Why do you think that? Aren’t you jumping the gun a bit?

It’s obvious to me that the chatbots we have now aren’t AGI, and I don’t currently see a compelling reason to believe that LLMs alone will lead to AGI.

My empirical test for AGI is when every job could, in principle (with a sufficient-yet-physically-reasonable amount of compute) be performed by AI. Google could fire their entire engineering and research divisions and replace them with AI with no loss of productivity. No more mathematicians, or physicists, or doctors, or lawyers. No more need to call a human for anything, because an AI can do it just as well.

Granted, the development of robotics and real-world interfaces may lag behind the development of AI’s cognitive capabilities, so we could restrict the empirical test to something like “any component of any job that can be done while working from home could be done by an AI”.

Do you think LLMs will get that far?

Why do you think that? Aren’t you jumping the gun a bit?

Carmack pointed out in a recent interview:

If you take your entire DNA, it’s less than a gigabyte of information. So even your entire human body is not all that much in the instructions, and the brain is this tiny slice of it —like 40 megabytes, and it’s not tightly coded. So, we have our existence proof of humanity: What makes our brain, what makes our intelligence, is not all that much code.

On this basis he believes AGI will be implemented in "a few tens of thousands of lines of code," ~0.1% of the code in a modern web browser.

Pure LLMs probably won't get there, but LLMs are the first systems that appear to represent concepts and the relationships between them in enough depth to be able to perform commonsense reasoning. This is the critical human ability that AI research has spent more than half a century chasing, with little previous success.

Take an architecture capable of commonsense reasoning, figure out how to make it multi-modal, feed it all the text/video/images/etc. you can get your hands on, then set it up as a supervising/coordinating process over a bunch of other tools that mostly already exist — a search engine, a Python interpreter, APIs for working with structured data (weather, calendars, your company's sales records), maybe some sort of scratchpad that lets it "take notes" and refer back to them.
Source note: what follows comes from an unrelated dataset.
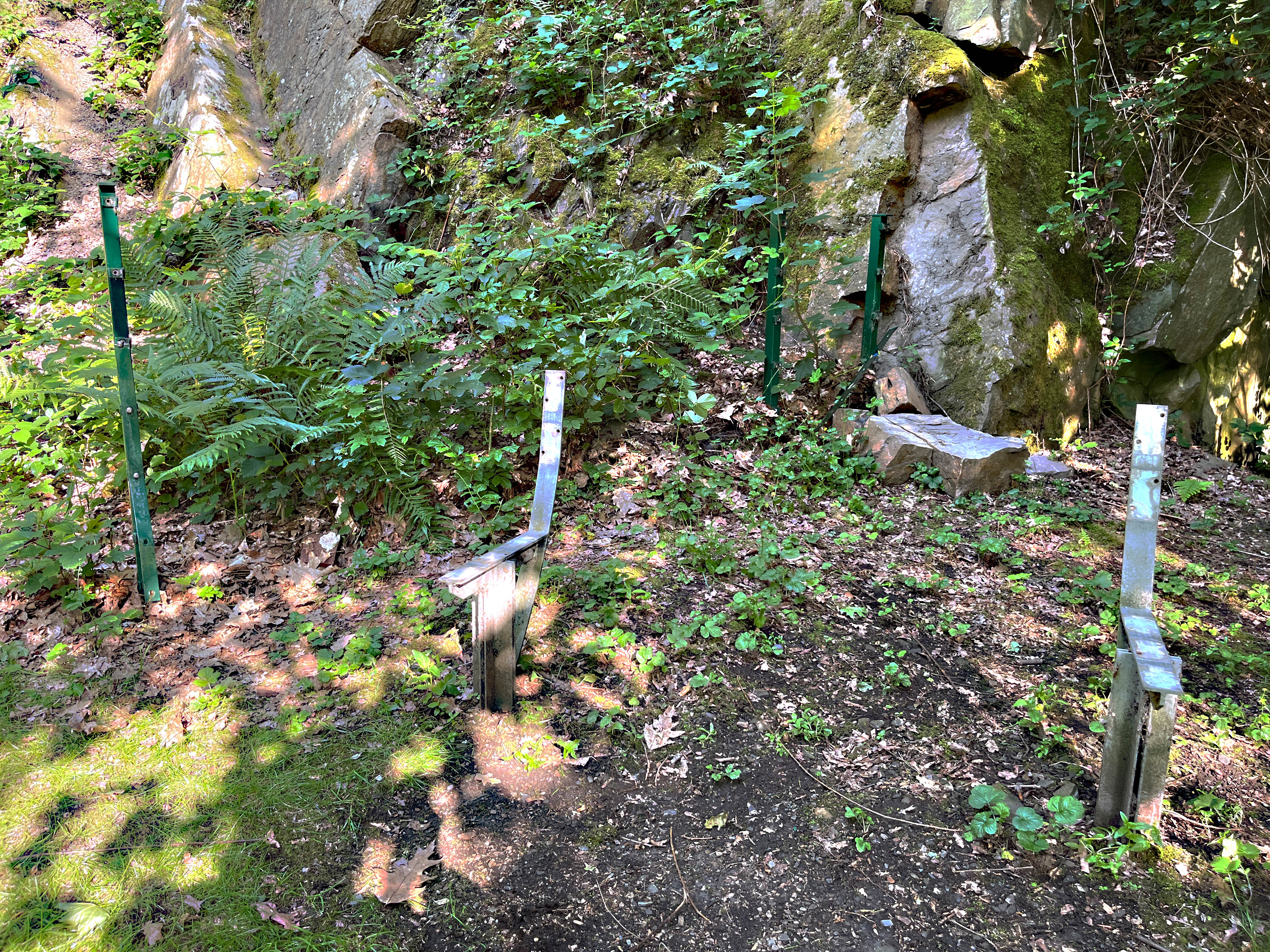 Der Bewuchs vor dem Stollenmundloch war schnell entfernt. Etwas länger dauerte das Reinigen der Begrenzung aus Holzbalken mit ihren vielen Spalten.

For added bonus points you can make it capable of learning in production, but you can likely build something with world-changing abilities without this.
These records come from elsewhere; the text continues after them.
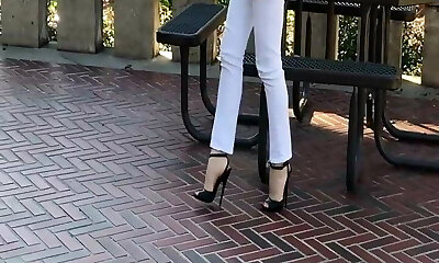 Teen skipping rope in high heels UPSKIRT views
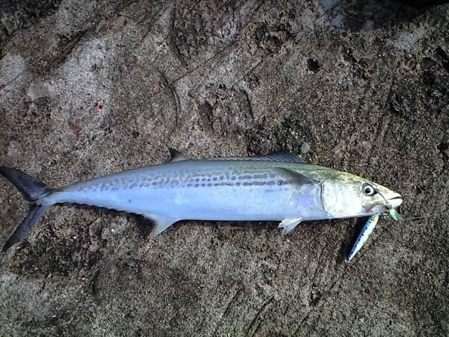全く青物の気配がなかったので同行者がシーバスをゲットしていたので、僕もちょっとシーバスでもという感じでシーバスルアーをセット、そのルアーはパワーブレード24g!!
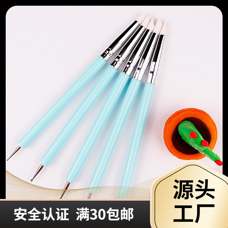 5支装双头美甲蓝杆硅胶笔钢推点钻多用工具美甲店专用推荐笔直销

While it's possible there are still "unknown unknowns" in the way, this is by far the clearest path to AGI we've ever been able to see.
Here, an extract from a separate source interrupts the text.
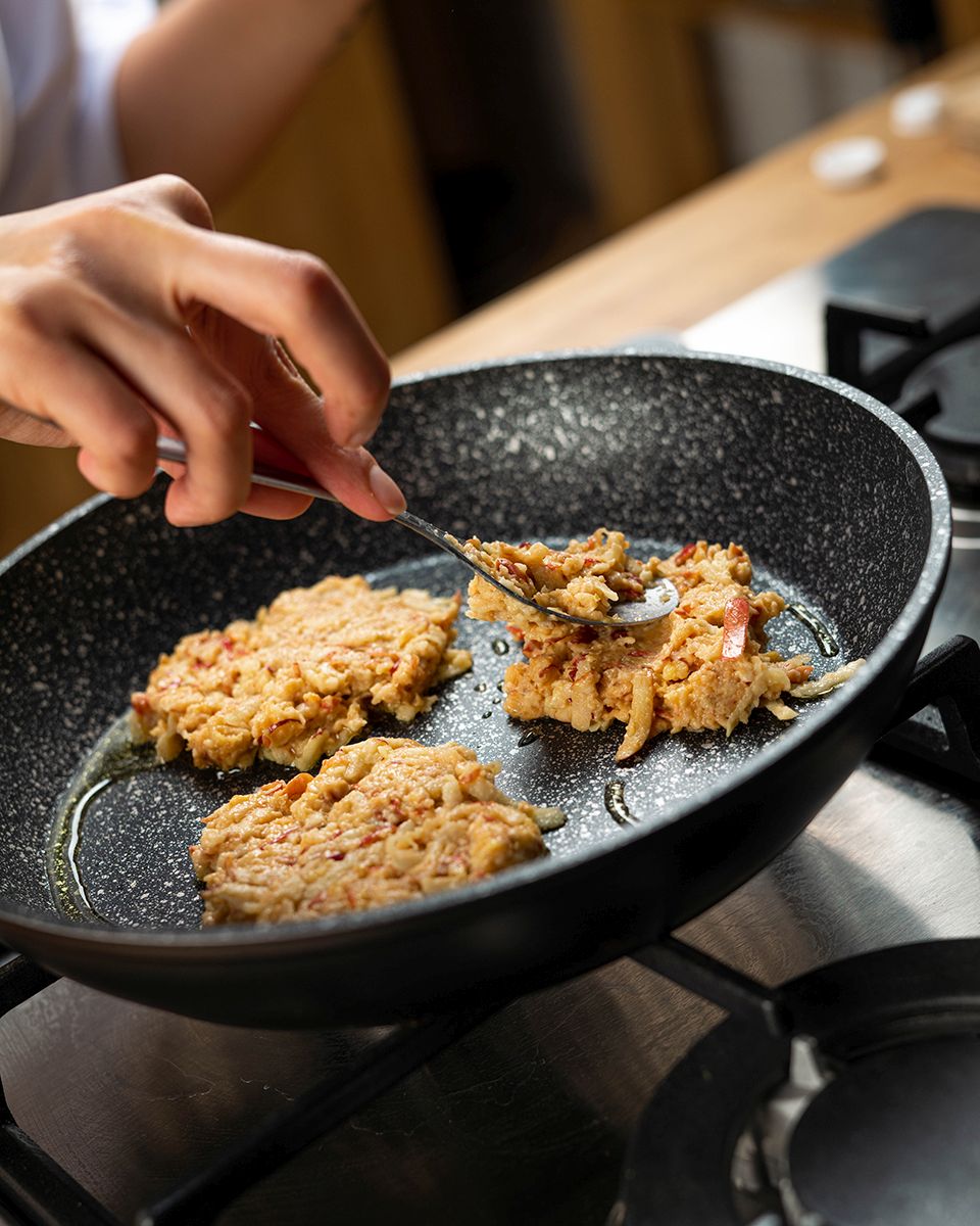 На сковороде разогреть растительное масло. Отпекать по ложке смеси с двух сторон до хрустящей корочки.

In response to your first point, Carmack's "few tens of thousands of lines of code" would also execute within a larger system that provides considerable preexisting functionality the code could build on — libraries, the operating system, the hardware.

It's possible non-brain-specific genes code for functionality that's more useful for building intelligent systems than that provided by today's computing environments, but I see no good reason to assume this a priori, since most of this evolved long before intelligence.

In response to your second point, Carmack isn't being quite this literal. As he says he's using DNA as an "existence proof." His estimate is also informed by looking at existing AI systems:

If you took the things that people talk about—GPT-3, Imagen, AlphaFold—the source code for all these in their frameworks is not big. It’s thousands of lines of code, not even tens of thousands.

In response to your third point, this is the role played by the training process. The "few tens of thousands of lines of code" don't specify the artifact that exhibits intelligent behavior (unless you're counting "ability to learn" as intelligent behavior in itself), they specify the process that creates that artifact by chewing its way through probably petabytes of data. (GPT-3's training set was 45 TB, which is a non-trivial fraction of all the digital text in the world, but once you're working with video there's that much getting uploaded to YouTube literally every hour or two.)